Zeek::LDAP

=================================

Compatibility: Zeek 2.6-237+

This package provides an analyzer for Lightweight Directory Access Protocol write operations. The following operations will be written to ldap.log after running the analyzer:

• modifyRequest and modifyResponse
• modifyDNRequest and modifyDNResponse
• addRequest and addResponse
• deleteRequest and deleteResponse
• bindRequest and bindResponse

Additionally, the analyzer will deliver GSSAPI GSS-SPNEGO authentication data in LDAP bindRequests to the gssapi analyzer to be written to the Kerberos or NTLM logs.

Environment Configuration

If using the analyzer as a plugin from the repo:

1. Install zkg manager

• $ pip3 install zkg
• (Recommended: latest version) $ pip3 install git+git://github.com/zeek/package-manager@master

2. Configure zpkg & environment

• zkg needs PATH to zeek-config: $ export PATH=$PATH:/path_to/zeek/build (modify /path/to)
• Run the autoconfiguration: $ zpkg autoconfig
• Setup Zeek's environment to match zkg $ eval $(zkg env)

3. Run the plugin straight from git:

• $ zkg install ldap-analyzer
• Test to make sure the plugin is loaded $ bro -N | grep LDAP (you should see the plugin loaded)
• $ zeek -C -r your_ldap.pcap ( -C is optional and used if the pcap contains checksums.

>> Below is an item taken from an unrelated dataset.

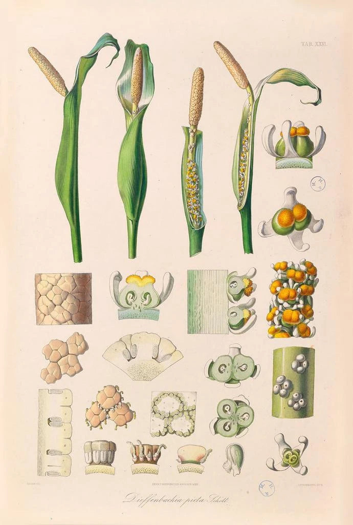 "Icones Aroidearum Pl26" de Heinrich Wilhelm Schott es una obra fascinante que destaca la diversidad de las especies de aráceas. Esta ilustración se caracteriza por su precisión y sus colores vibrantes, que rinden homenaje a la belleza de las plantas tropicales. Los detalles minuciosos de las hojas y las flores, combinados con una paleta rica en verdes profundos y matices delicados, crean una atmósfera viva y acogedora. Schott, con su talento, logra capturar la esencia misma de estas plantas, invitando al espectador a apreciar la complejidad y la esplendor de la naturaleza.

This must come before the -r )

If using the analyzer as a local plugin:

• $ git clone https://github.com/ZikyHD/ldap-analyzer.git
• $ cd ldap-analyzer
• $ ./configure --bro-dist=/path/to/bro && make
• $ export BRO_PLUGIN_PATH=$BRO_PLUGIN_PATH/path/to/ldap-analyzer
• Check if plugin got loaded $ zeek -N | grep LDAP
• Run it : $ zeek -r your_ldap.pcap

TO DO:

• Testing script produces an error. It attempts to access a non-existent file.